I’ve never adopted a fandom name before, but so strong is my connection to IZ*ONE, that it seemed quite natural to do so. How strong? I own multiple copies of all their releases both physically and digitally, I’m a member of their official fan club, I own special edition books, I have attended their online concerts and subscribe to the group’s private mail app, plus I have watched most of their videos, and that includes some live broadcasts that are only in Korean, a language I don’t speak.

I collaborated with Slope Club on the Story of: IZ*ONE video

It goes further. IZ*ONE has often subtly featured in my day job, I’ve written stories about events featuring IZ*ONE, and I’ve even collaborated on a “Story-of” video explaining what makes the group special. What’s more, I also know that there are many, many far more dedicated fans than me. What I’m trying to illustrate here is the support IZ*ONE inspired, and how deep the connection went with me, and a lot of others. Supporting idols is often like this, but it has never been as strong for me personally as it is with IZ*ONE. They truly are special.

The 2020 effect

The coronavirus pandemic changed my life, just as it has for people all over the world.
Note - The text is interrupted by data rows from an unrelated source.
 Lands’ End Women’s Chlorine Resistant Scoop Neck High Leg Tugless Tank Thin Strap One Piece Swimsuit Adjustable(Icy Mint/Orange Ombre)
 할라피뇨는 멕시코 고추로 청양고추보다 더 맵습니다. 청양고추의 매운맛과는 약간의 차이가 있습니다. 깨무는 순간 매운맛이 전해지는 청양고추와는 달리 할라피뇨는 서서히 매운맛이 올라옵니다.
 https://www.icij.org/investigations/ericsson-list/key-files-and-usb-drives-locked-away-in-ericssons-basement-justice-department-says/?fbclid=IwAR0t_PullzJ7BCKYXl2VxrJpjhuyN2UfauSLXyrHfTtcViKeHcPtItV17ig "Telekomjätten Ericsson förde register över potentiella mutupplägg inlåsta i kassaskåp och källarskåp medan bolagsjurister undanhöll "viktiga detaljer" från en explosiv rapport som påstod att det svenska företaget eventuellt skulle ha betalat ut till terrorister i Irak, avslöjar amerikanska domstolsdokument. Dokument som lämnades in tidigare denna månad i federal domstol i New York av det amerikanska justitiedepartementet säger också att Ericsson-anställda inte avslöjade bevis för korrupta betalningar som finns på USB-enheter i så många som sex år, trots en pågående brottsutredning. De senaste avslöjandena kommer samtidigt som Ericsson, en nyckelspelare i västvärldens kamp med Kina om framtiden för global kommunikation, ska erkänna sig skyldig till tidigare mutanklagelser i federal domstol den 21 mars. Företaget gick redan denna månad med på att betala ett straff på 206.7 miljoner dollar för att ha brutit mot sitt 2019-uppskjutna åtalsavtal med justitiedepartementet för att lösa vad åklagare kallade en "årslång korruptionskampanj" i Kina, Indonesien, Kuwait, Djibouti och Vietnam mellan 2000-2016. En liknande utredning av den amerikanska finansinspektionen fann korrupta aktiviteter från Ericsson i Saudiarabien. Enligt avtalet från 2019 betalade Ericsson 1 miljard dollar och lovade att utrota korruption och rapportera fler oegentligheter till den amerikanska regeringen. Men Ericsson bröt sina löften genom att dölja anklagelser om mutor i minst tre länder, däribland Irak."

Although I have never been the most social person, lockdowns and concerns over catching the virus meant my fairly minimal human interaction has been reduced to almost nothing over the past year. I’ve always been comfortable with my own company, but many times loneliness has overwhelmed me, and on more occasions than I’m willing to admit, anxiety has made things worse.
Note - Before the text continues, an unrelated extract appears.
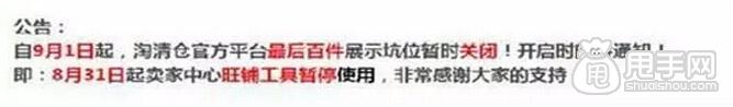 10、淘清倉:淘清倉旺鋪工具暫停公告,自9月1日起,淘清倉官方平臺最后百件展示坑位暫時關閉,開啟時間待通知。即:8月31日起賣家中心旺鋪工具暫停使用!

While I have a personal support network of close friends and family, they can’t always be there, and that’s where idols come in. I’ve lost count of the times I’ve watched IZ*ONE have fun, laugh, and sing when I was feeling down, and they made me feel better. It was comforting seeing them each day, whether it was through official social media posts, or one of the hundreds of WIZ*ONE I follow on Twitter sharing their own favorite IZ*ONE moments. IZ*ONE became a welcome distraction from real life. Simply, IZ*ONE made me feel better.

This is part of the reason why the disbandment and the way the group ended hurt so much. IZ*ONE had become a support network, which has now been completely removed. But much, much worse was how the disbandment affected the members, and as an idol fan, this is the worst thing that could happen. On both days of the One, The Story concert, the members sobbed and poured out their feelings, and their reactions broke my heart. Despite this, they still delivered an amazing performance, proving again how much effort they put into making us happy.

Real emotion

It has taken a little time to consider and understand why I feel the way I do about IZ*ONE disbanding. Initially my thoughts and concerns were about the group, and how they were feeling after the concert and the news. Seeing Chaewon hyperventilating through her message to us, Nako’s raw emotion, and even the usually very strong Yujin cry was truly awful, but it was Minju’s words that hit me hardest. She talked about how she felt alone and sad before IZ*ONE, and how she couldn’t imagine what it would be like to go back being alone after the group was no longer together. My own feelings echo her words.

IZ*ONE’s custom microphones

The sudden breakup and the restrictions due to the pandemic also means no-one has been able to say goodbye to IZ*ONE in person. I’d want to be there in the audience, at a time when it’s possible, to properly support the group during their last, emotional concert and I know I’m not the only one. Idol fandom isn’t something to be treated lightly as there’s real emotion at play, on both sides, and without respect from the companies behind the group, the pain ends up being considerable. For me, and I imagine a lot of others, it’s amplified even more by how life is at the moment.

Like Minju, I was often on my own before IZ*ONE, and the group changed that at a very important time of my life. Also like Minju, I don’t want to go back to the way it was before. If IZ*ONE really must disband  — and the group’s success makes this seem like an odd decision by itself  — denying both the group and fans of a meaningful, heartfelt and most of all cathartic goodbye borders on inhuman, because it’s at a time when idols matter the most, and when they should be truly thanked for everything they’ve done.